For the past 22 years, the Democracy Center has housed progressive activists, artists, and nonprofits struggling to find spaces to organize in Cambridge. Now, resident organizations have three months to move out before the Foundation for Civic Leadership — the Center’s fiscal sponsor — renovates the building for a separate nonprofit, Democracy House.
Dozens of organizers — some weeping — testified about the importance of the Center in their work and demanded answers from Democracy House’s interim Executive Director Sue Heilman during the meeting — the second of two community meetings about the closure. Activists also circulated a petition gathering more than 100 signatures protesting the FCL’s decision.
“What FCL is doing is genuinely a trauma,” Democracy Center organizer Elijah Patterson said Monday. “You are telling many, many organizations that they have to move or stop existing.”
Heilman, stoic and masked, told the crowd that the renovations have been a long time coming. In an interview with The Crimson, Heilman said that the FCL decided to begin renovations due to the growth of Democracy House — a subgroup within FCL that coordinates civic education training for students.
“Now, as the Democracy House programs are getting going more, the foundation decided that it was finally time,” Heilman said in an interview.
According to Heilman, the FCL has yet to secure the necessary building permits from Cambridge, finalize a budget for the project, or decide on a contractor for construction. She said that once renovations are complete, however, community groups will be welcomed into the space.
“Our thought is that there will be offices for people who work for Democracy House, and there also would be space available for community groups to use,” she said. “Exactly which people, which staff, that isn’t all figured out yet.”
But despite Heilman’s reassurances that community groups will maintain access to the space after renovations, many activists remained unconvinced.
Kimberly Jane, director of the Show Booking Collective, which has used the space since 2009, said she doesn’t believe that building improvements are the main reason for building closure.
“It just seems like they just want to get the building and start their shiny new nonprofit — kick everybody out,” Jane said. “They say it’s for renovations, but at least in the meeting it didn’t come across to me like that was the main purpose.”
“Real democracy is happening here all the time, and they want to come in with some shiny new website and I don't understand — I don't even get what they do,” she added.

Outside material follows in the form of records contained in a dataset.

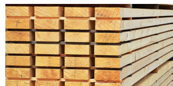
Lumber and Flooring
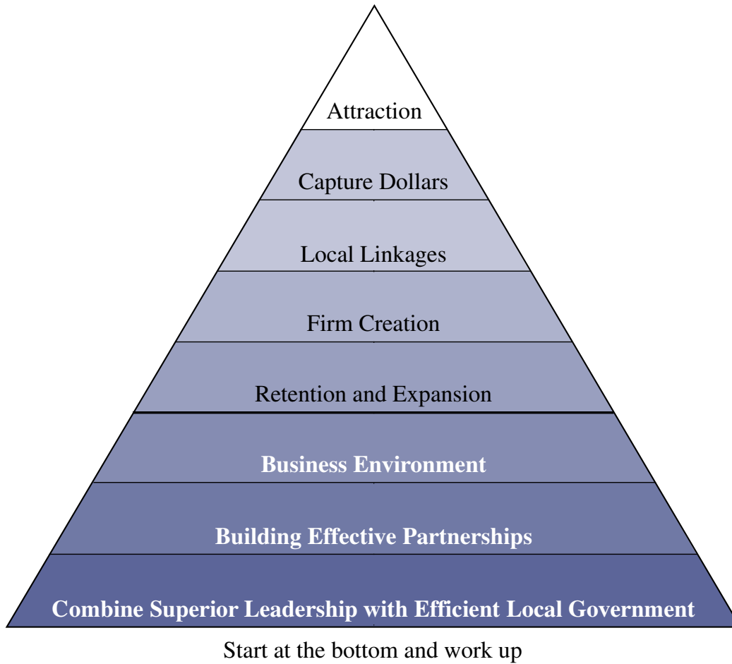
Figure 3. The Economic Development Pyramid

shoppers, retirees, tourists and other travelers. To attract attention the community has to be attractive . In the last 20 years Manhattan has built several industrial parks and upgraded the airport. It has widened the highways coming into town and built new recreational facilities and shopping districts.
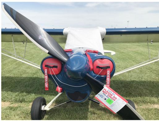
Cub Crafters EX2 Canopy Cover, Engine Plugs
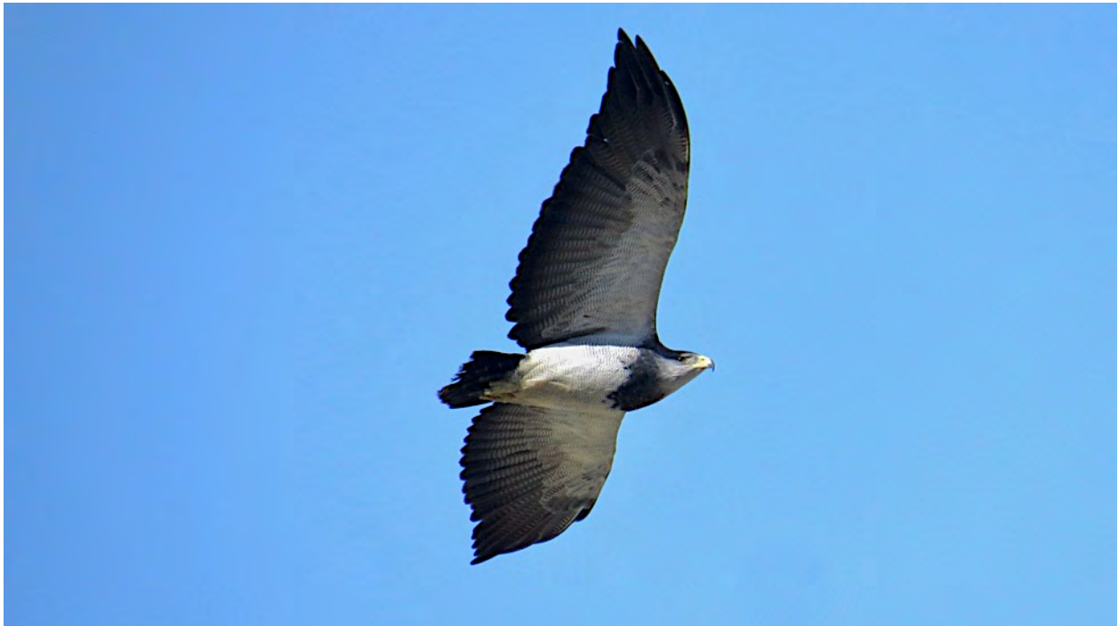
The Black-chested Buzzard-Eagle is a wide-spread hawk found in the higher elevations of Colombia. We'll watch for one when we visit Sumapaz National Park.

Observatorio de Colibries —This quiet garden bordered by a small patch of forest seems modest at first, but the blizzard of hummingbirds that attend the flowers and feeders here are anything but modest, in color or behavior! We stop by here primarily to see the endemic Blue-throated Starfrontlet, Coppery-bellied Puffleg, and Glowing Puffleg, but Sword-billed Hummingbird, Black-tailed and Green-tailed trainbearers, Great Sapphirewing, White-bellied Emerald, and Sparkling and Lesser violetears make for generous lagniappe. A few nice Andean birds are often in the parking area—Black-backed Grosbeak, Red-crested Cotinga, or Scarlet-bellied Mountain-Tanager, so we'll try to tear ourselves away from the garden for a few minutes before heading back to Bogotá.
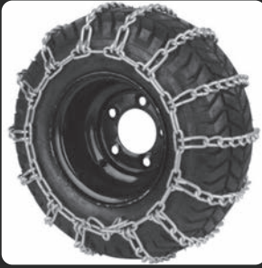
TIRE CHAINS $295 (SET OF 2) (REQUIRES LIFT KIT)
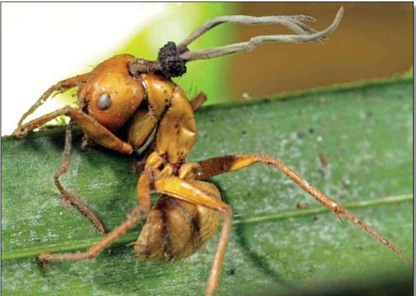
A carpenter ant carcass killed by Ophiocordyceps camponoti-balzani . Photo courtesy D. Hughes.

Giove, C. 2011. New Yorkers paying $800 an ounce for worms that promise sexual prowess. The New York Post ,
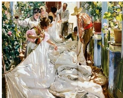
"Sewing the Sail"

Joaquin Sorolla (1863 – 1923) Spanish master of capturing the fleeting effects of sunlight.
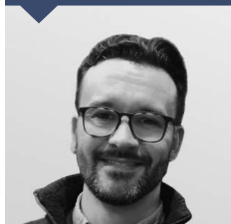
Co-Founder, Luffy AI

'Think about whether Covid will slow down your customer pipeline and if you need extra cash reserves.'
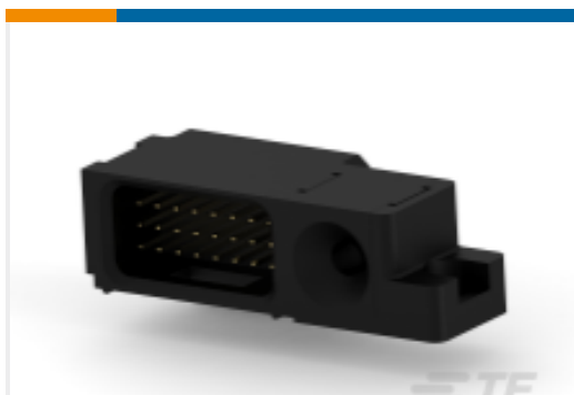
TE Part #2085119-1 24PIN RECTANGULAR POWER CONNECTORS
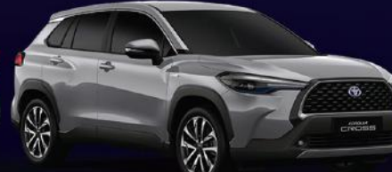
METAL STREAM METALLIC
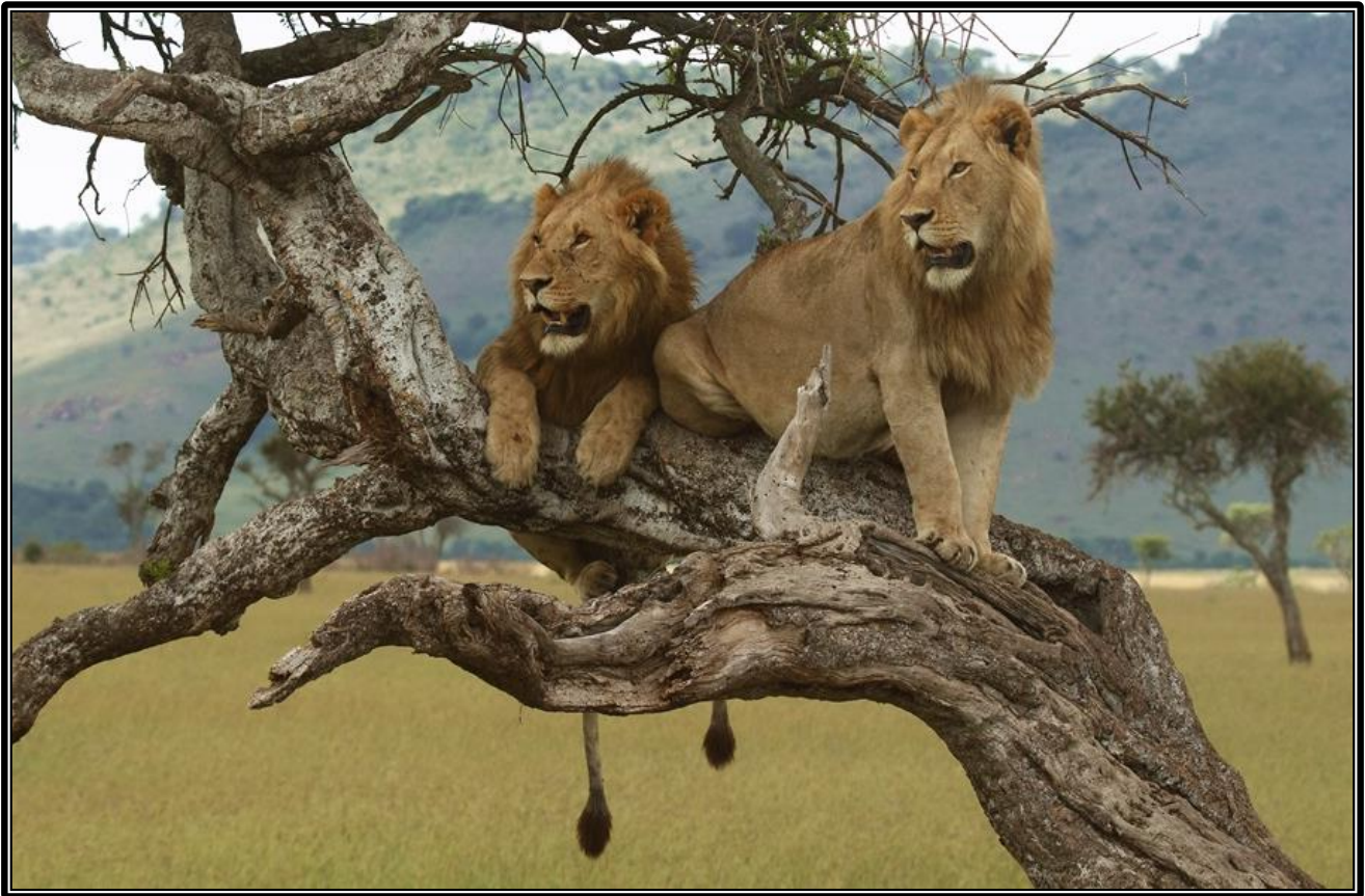
Male Lions

On this extension we focus our time on the exceptional Tsavo reserves which hold a wonderful assortment of dry country species and a plethora of big game including more opportunities to see a variety of antelope species, African Elephant and Big Cats such as Lion, Leopard and Cheetah. On the birding front the list of quality species is numerous and includes Scaly Chatterer, Red-naped Bushshrike, Pringle's Puffback, Tsavo Sunbird, Taveta Weaver, Golden-breasted and Fischer's Starlings, White-throated Robin, the rare and little known Friedmann's Lark, Hartlaub's Bustard and Grey-headed

Dara Bayer, who organized the petition as serves as co-director of the Cambridge Holistic Emergency Alternative Response Team, said that due to the high costs of rent in Cambridge, HEART — one of Cambridge’s burgeoning unarmed policing alternatives — “wouldn’t be able to exist without the subsidized rent of the Democracy Center.”
“We are facing a serious existential threat,” Bayer said. “This could mean we couldn’t exist anymore if we can’t find space.”
Claire E. Pryor ’22, a HEART volunteer and a former organizer for Fossil Fuel Divest Harvard, said that the Democracy Center provided an “essential” resource to the non-official student group, which was not allowed to use campus meeting spaces.
“It was a place not only where we had this lovely, welcoming atmosphere of a place to meet, but also a place that gave me the regular opportunity to meet and interact with groups that were organizing in Cambridge, and Boston,” she said in an interview. “For me, the Democracy Center felt like a real lifeline of connection to people and organizing happening in Cambridge and Boston.”
Pryor also said that it is “impossible” for a small nonprofit to afford rent in Boston and Cambridge.
“The closing of a space, like the Democracy Center, in my mind, is going to make it really hard for HEART and other nonprofits who are doing the work that our community desperately needs, but literally can't afford to exist within it,” she added.
One organizer for American Freedom United used her speech to address Heilman directly, urging her to change her mind.
“You can reverse this, this story can continue, you can do something different,” the organizer said. “There’s another way to do this, and you can be the blueprint for something great.”